第18話 毒草を探す少女
数週間後。
地味……Fランク相当の依頼を次々とこなした俺達は遂にワンランクアップした。
「やっとだよ! レベルアップって時間がかかるんだね。Fランクの勇者なんて恥ずかしかったけど、Eならまだマシだよね」
「どっちもどっちだと思うよ」
「もう、リアムだって本当は嬉しいくせに」
俺とリアムの会話をよそにジェラルドとエドワードは口々に言った。
「でも、何で歩きなんだ? 隣村までかなり遠いだろ。馬車借りて行きゃ良いのに」
「ノエルが歩きが良いって言うんだから。女の子の意見を尊重させないと」
そう、今は隣村まで徒歩で移動中。せっかく冒険に出たのに同じ場所にとどまるのは勿体無い。色んなものを見て感じたい。
ただ、徒歩はノエル立っての希望だ。
「だって、冒険と言えば徒歩ですわ! 三蔵法師だって天竺まで歩いていましたわ」
「誰だよ、それ」
「みんな気にしないで、ノエルは異国の本にハマってるんだ」
誤魔化してはおくが、本当にノエルは何の本を読んでその知識をつけているのだろうか。
歩いていると川が見えてきた。
「あの川の近くで休憩しよう」
——川のほとりまで行くと、それぞれ荷物を置いて休憩し始めた。
のどかな景色を眺めていると小川の近くに五歳くらいの少女が下を見ながら歩いていた。ただ、少女の近くには大人の姿が見えない。
「こんな所で子供一人、何してるんだろ?」
「迷子じゃね? 俺、声かけてくるよ」
「待って、俺も行く」
ジェラルドが立ち上がったので、俺も続いた。
——ジェラルドと二人で少女に優しく声をかけてみた。
「お父さんかお母さんは?」
少女はビクッとしながら応えた。
「いないよ」
「えっと……おうちはどこ?」
「……」
「どこから来たのかな?」
「……」
何も言わない少女に俺とジェラルドは顔を見合わせて眉を下げた。
ここに一人置いていっても良いものか。途方に暮れているとジェラルドがやや苛々し始めた。
「なんか言えよ。心配してやってんだろ」
少女は怯えた表情を見せたので、咄嗟に庇った。
「ジェラルド、ダメだよ」
「だって何も喋んないから」
ジェラルドの気持ちも分かるが、知らない男に声をかけられて黙ってしまう少女の気持ちも分かる。

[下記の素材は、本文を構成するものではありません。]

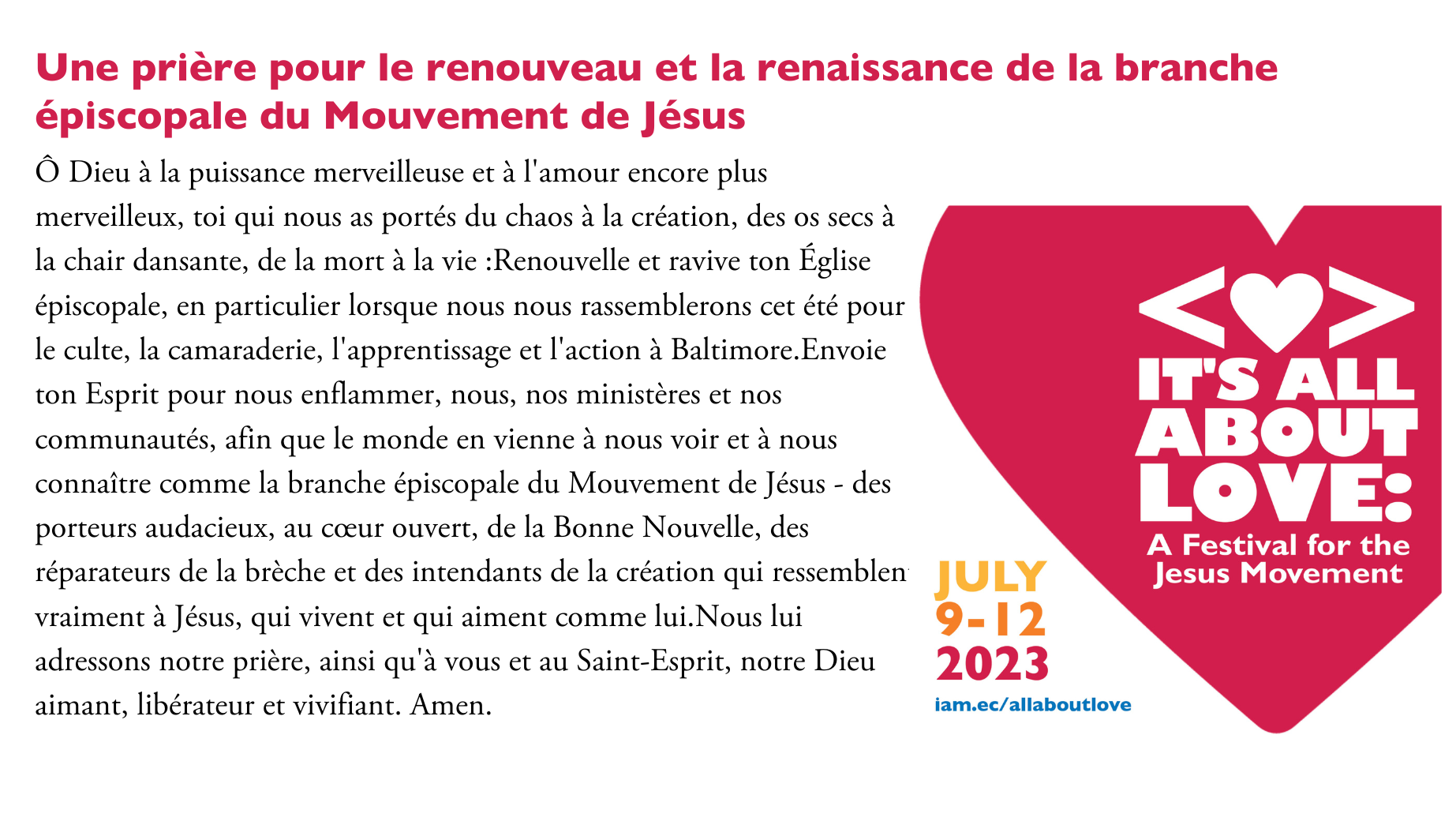 Dans toute l’église et dans le monde entier, nous avons faim de réveil et de renouveau. Rejoignez-nous pour « It’s All About Love », un festival de culte, d’apprentissage, de communauté et d’action pour la branche épiscopale du Mouvement Jésus, qui se tiendra du dimanche 9 au mercredi 12 juillet au Baltimore Convention Center.
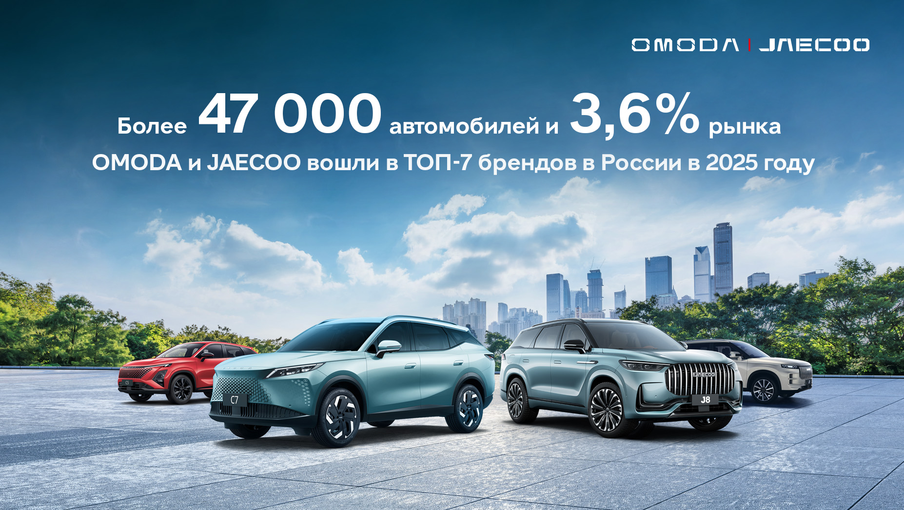 Бренды OMODA и JAECOO делятся результатами успешной работы на российском рынке в 2025 году. По итогам года было реализовано 47 543 автомобиля, что позволило брендам занять 7 место в общем рейтинге с совокупной долей рынка 3,6%.

どうしようか悩んでいると、少女が俺の服の裾をギュッと握った。
「見つからないの……お薬が見つからないの」
「薬? 誰か病気なの?」
「お母さん。村で今流行ってる病にかかっちゃって」
「お前、名前は? 俺らが一緒に探してやろうか」
「……」
ジェラルドが聞けば少女が再び黙ってしまった。俺は少女の目線まで屈んだ。
「君、名前は? どんな薬探してるの?」
「アンだよ。これ探してるの」
アンはポケットから折り畳まれた紙を広げて見せてくれた。
「チッ、同じこと聞いてんのに、どうしてオリヴァーの質問には応えるんだよ」
不貞腐れているジェラルドに苦笑で返し、少女が探しているという薬草の絵を見た。
「これって……」
「お兄ちゃん知ってるの? この薬草が効くんだって」
「そっか……一緒に探そっか」
「うん!」
アンの持っていた紙に書かれた薬草は、毒草だった。
◇
翌日、俺達はアンの探している毒草を採取した後、アンの住むククル村までやってきた。
「一泊野宿したので、お母様が心配していますわね」
「うん。でも、お母さんこれで良くなるね!」
アンが嬉しそうに話す中、俺達は顔を見合わせて眉を下げた。
もしかしたら本当に薬になるのかもしれないと淡い期待を抱いて毒草は摘んだが、本当に淡い期待だ。
「流行病って聞いたけど、皆が皆って訳じゃないんだね」
村人の数は少ないものの商店は普通に開き、子供達は元気に走り回っている。
リアムは怪訝な顔を見せながら俺に言った。
「オリヴァーとノエルはアンを家まで送って行って」
「え、三人はどこ行くの?」
「流行病について調べてくるよ。僕らはアンに好かれてないし、それに、こんな大勢でおしかけたらアンのお母さんびっくりしちゃうでしょ」
「確かに」
そういうわけで、俺達は別行動することに。